The head or skull includes the skull roof, the snout, the operculum or gill cover, and the cheek, which extends from the eye to the preopercle. The operculum and preopercle may or may not have spines. In sharks and some primitive bony fish the spiracle, a small extra gill opening, is found behind each eye.
The skull in fishes is formed from a series of only loosely connected bones. Jawless fish and sharks only possess a cartilaginous endocranium, with the upper and lower jaws of cartilaginous fish being separate elements not attached to the skull. Bony fishes have additional dermal bone, forming a more or less coherent skull roof in lungfish and holost fish. The lower jaw defines a chin.
In lampreys, the mouth is formed into an oral disk. In most jawed fish, however, there are three general configurations. The mouth may be on the forward end of the head, may be upturned, or may be turned downwards or on the bottom of the fish. The mouth may be modified into a suckermouth adapted for clinging onto objects in fast-moving water.
The simpler structure is found in jawless fish, in which the cranium is represented by a trough-like basket of cartilaginous elements only partially enclosing the brain and associated with the capsules for the inner ears and the single nostril. Distinctively, these fish have no jaws.

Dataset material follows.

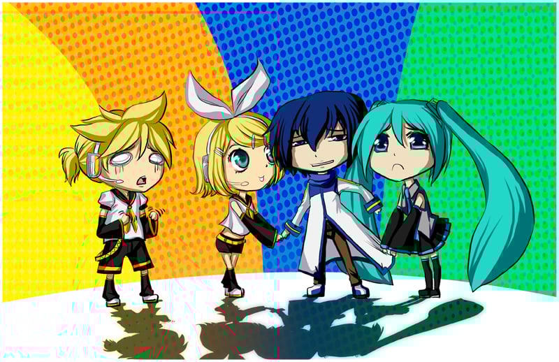 11x17 fanart print on cardstock, of your favorite vocaloids; Hatsune Miku, Rin, Len, and Kaito! It looks like they're all having a little trouble getting along though...

Cartilaginous fish such as sharks also have simple, and presumably primitive, skull structures. The cranium is a single structure forming a case around the brain, enclosing the lower surface and the sides, but always at least partially open at the top as a large fontanelle. The most anterior part of the cranium includes a forward plate of cartilage, the rostrum, and capsules to enclose the olfactory organs. Behind these are the orbits, and then an additional pair of capsules enclosing the structure of the inner ear. Finally, the skull tapers towards the rear, where the foramen magnum lies immediately above a single condyle, articulating with the first vertebra. Smaller foramina for the cranial nerves can be found at various points throughout the cranium. The jaws consist of separate hoops of cartilage, almost always distinct from the cranium proper.
In the ray-finned fishes, there has also been considerable modification from the primitive pattern. The roof of the skull is generally well formed, and although the exact relationship of its bones to those of tetrapods is unclear, they are usually given similar names for convenience. Other elements of the skull, however, may be reduced; there is little cheek region behind the enlarged orbits, and little if any bone in between them. The upper jaw is often formed largely from the premaxilla, with the maxilla itself located further back, and an additional bone, the sympletic, linking the jaw to the rest of the cranium.
Although the skulls of fossil lobe-finned fish resemble those of the early tetrapods, the same cannot be said of those of the living lungfishes. The skull roof is not fully formed, and consists of multiple, somewhat irregularly shaped bones with no direct relationship to those of tetrapods. The upper jaw is formed from the pterygoid bones and vomers alone, all of which bear teeth. Much of the skull is formed from cartilage, and its overall structure is reduced.
The head may have several fleshy structures known as barbels, which may be very long and resemble whiskers. Many fish species also have a variety of protrusions or spines on the head. The nostrils or nares of almost all fishes do not connect to the oral cavity, but are pits of varying shape and depth.